This country is relatively sparse regarding precipitation, yet garners enough so that the sagebrush (I believe in this case it to be Artemisia tridentata) thrives and dominates to such an extent that the sagebrush steppe is often referred to as the sagebrush sea.  The analogy is especially effective where one ridge after another undulates off onto the horizon, such as ocean swells might do on an open sea.  Thus, entire swaths of countryside are painted the ubiquitous grey-green of this ecosystem-defining evergreen.  Now, in mid-May, dapples of orange Paintbrush and spangles of blue Penstemon have broken the solidity of color.  Sudden effusions of bright green forbs interrupt patches of open soil.  Spring has sprung in this relatively low country and will progress steadily upwards to the highest elevations as the season moves inexorably forward.

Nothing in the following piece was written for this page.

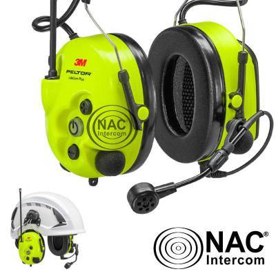 Protector auditivo con walkie PMR446 integrado y escucha del entorno. Comunicación con otros LiteCom u otras radios PMR446. Alta Visibilidad.

The well graded and maintained trail winds along on a contour about forty feet above the reservoir’s full-pool elevation.  As the shepherds investigated scents and rodents I strolled along, stopping when my fancy struck.  Something new that I hadn’t yet seen this season would grab my attention and I would attempt to make a snapshot.  Most of these don’t work out but some do, and I can at least have a record of what flowers I saw during this hike.  A couple of the snapshots capture the extent of the new flowery growth but often I can’t quite explain via digital imagery the glory of such a day as this.  The land is alive, shaking off the cold Winter once and for all as the warm Sun shines down and hastens forth the bounty to come.  I am all smiles as I walk along, the evening Sun yet emitting warming rays.  I breath deep, drinking in the fresh air.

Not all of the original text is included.